I could not find a single book on 70-285. Instead, I had to rely on reading a lot of white papers and other internet resources, links to many of which I've included here. In addition, you may find it useful to pick up a 70-225 book such as the
ExamCram 70-225 book (check out the used prices), since very little is different between 2003 and 2000 where design is concerned. I didn't go this route because I didn't think about it until it was too late, but I would probably pick up a 70-225 book if I were to do it over again.
This exam is a moderately difficult one, so you shouldn't take it lightly at all.

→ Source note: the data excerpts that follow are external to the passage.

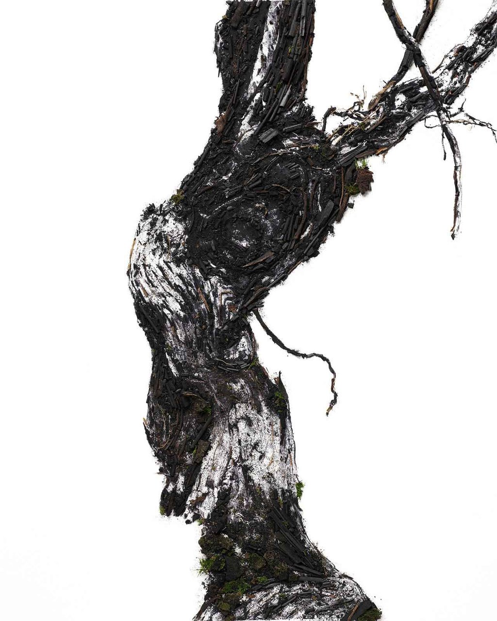 ルイナールを生み出すために必要な長い過程を知った彼は、人間と自然の結びつきを捉え、黒く染めた木片や木炭を使用してブドウの幹を表現する作品などを制作。この度、東京でも公開される。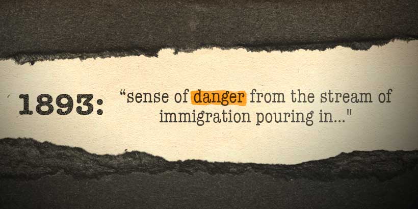 These people for the most part bring nothing but themselves, and in themselves are neither useful or desirable. The are of entirely different stocks from the original settlers and the earlier immigrants. They may indeed have longings for liberty, but they have no knowledge of what liberty is, how it may be secured, or how it should be used. They are mentally and morally degraded by century on century of oppression, of ignorance and misery. Unused to any sort of self-government, they are incapable of walking the paths of citizenship without leaning heavily on the arm of some kind of paternalism. They have just enough money to get them past the gates of Castle Garden and then are dumped down, a helpless and unassimilable mass, and expected to take care of themselves and to develop by some mysterious process into intelligent wielders of the American suffrage.
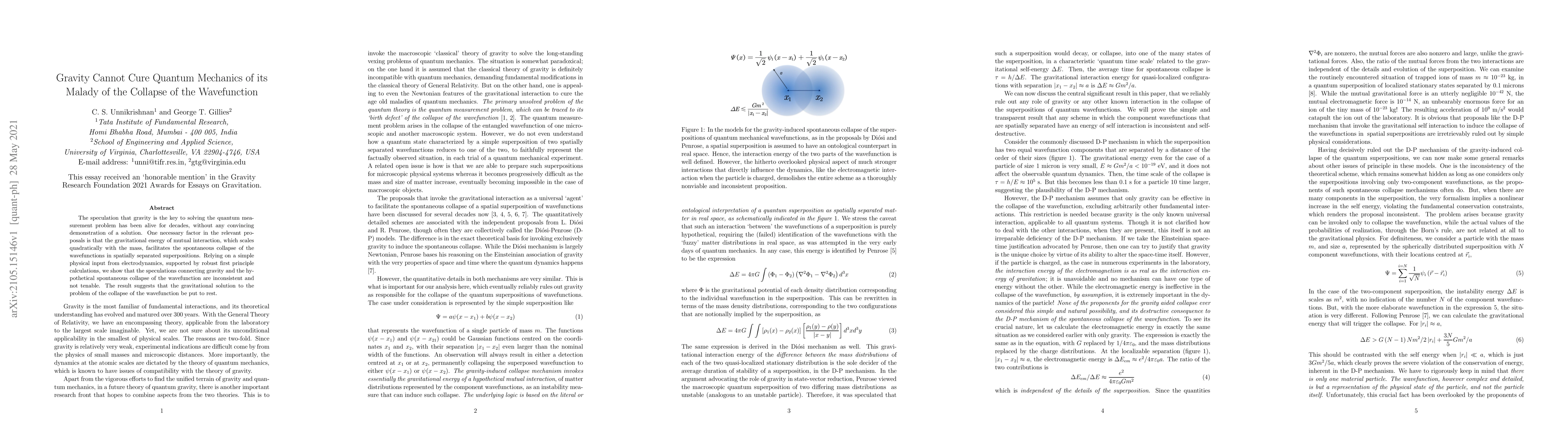 The paper argues that gravity cannot resolve the quantum measurement problem, specifically the collapse of the wavefunction, as gravitational energy does not facilitate the spontaneous collapse in the expected manner. The findings suggest that the hypothesis linking gravity to wavefunction collapse is inconsistent and should be abandoned.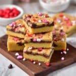 A stack of six square cake bars with a golden-brown top layer sprinkled with colorful red, pink, and white candy pieces. Each bar has two visible layers: a thick yellow cake base and a dark brown chocolate layer in the middle. The bars are placed on a dark wooden board, with extra candy pieces scattered around on a white marbled surface. In the background, there are blurred white bowls, one with more small red candies. Photo taken with an iphone --ar 4:5 --v 7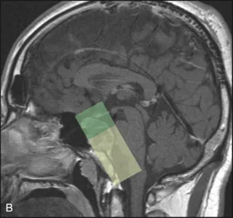 图26.1:斜坡脊索瘤的手术轨迹。(A)内镜经鼻入路手术走廊示意图。经蝶窦入路(绿色)暴露颅底中心的鞍、鞍上和鞍旁区域。经颅内窥镜鼻内入路(黄色)是通过切除下斜坡获得的,在中线提供通往脑干的通路。(B) t1加权磁共振中线矢状面显示经蝶窦入路(上,绿色)和经颅入路(下,黄色)暴露的区域。(C)两名外科医生在内镜经鼻入路中一起工作;在切除肿瘤的过程中,内镜、钻孔和吸痰总是可见的。

My main pieces of advice are:
- Consider taking your own notes while studying. Writing things down helps the memorization process. Besides, it's possible that a topic that I know well and didn't think to include is one that you may not be so strong in.
- Print these notes out and carry them with you (along with your own notes) on the day of the exam. Go over them on breaks, in the car and, most importantly, immediately before walking into the exam room (leave them outside, of course). For the most part, I've designed them to be succint and memorizable.
- Bring a pen with you and, should you fail the exam, as soon as you leave the testing center, write down (on the back of the printout or paper that you brought with you) everything from the exam that you can remember, especially questions and answers that you weren't sure of. Spend a good 15-30 minutes. You won't recall much even a few hours later, unless you have a better memory than I do. It really, really helps if you made good use of the "Select for Review" checkboxes while taking the test, since it means that all of the questions and answers that you weren't sure of are the freshest things in your mind when you leave the testing center. Use everything that you wrote down as the basis for your re-take studying.
Exam Format
Format: Case study. Total of 6 case studies with answers in multiple-choice and drag-and-drop
Questions: 30
Time Limit: 150 minutes (+20 minutes for comments and reading the pre-exam disclaimers)
Passing score: 700
This exam is presented in case study format, a format that you should already be familiar with at this point. You will have 5 different businesses to work with, answering 4-10 questions each according to their business requirements.
Though this format is a little extra challenging, don't let it scare you. It's really not that hard if you know what to expect and what to look for. Here are some tips:
- Don't read through the entire case study at the start. By this I mean don't spend a lot of time on it reading it carefully like it's a novel; it's too long to memorize. Some people find skimming through the case study helps them and others (like me) prefer to start immediately on the questions and reference the case study for each question. It's mostly a matter of personal preference, but just don't spend more than a couple minutes on the case study at the start or you may really handcuff yourself when it comes to time.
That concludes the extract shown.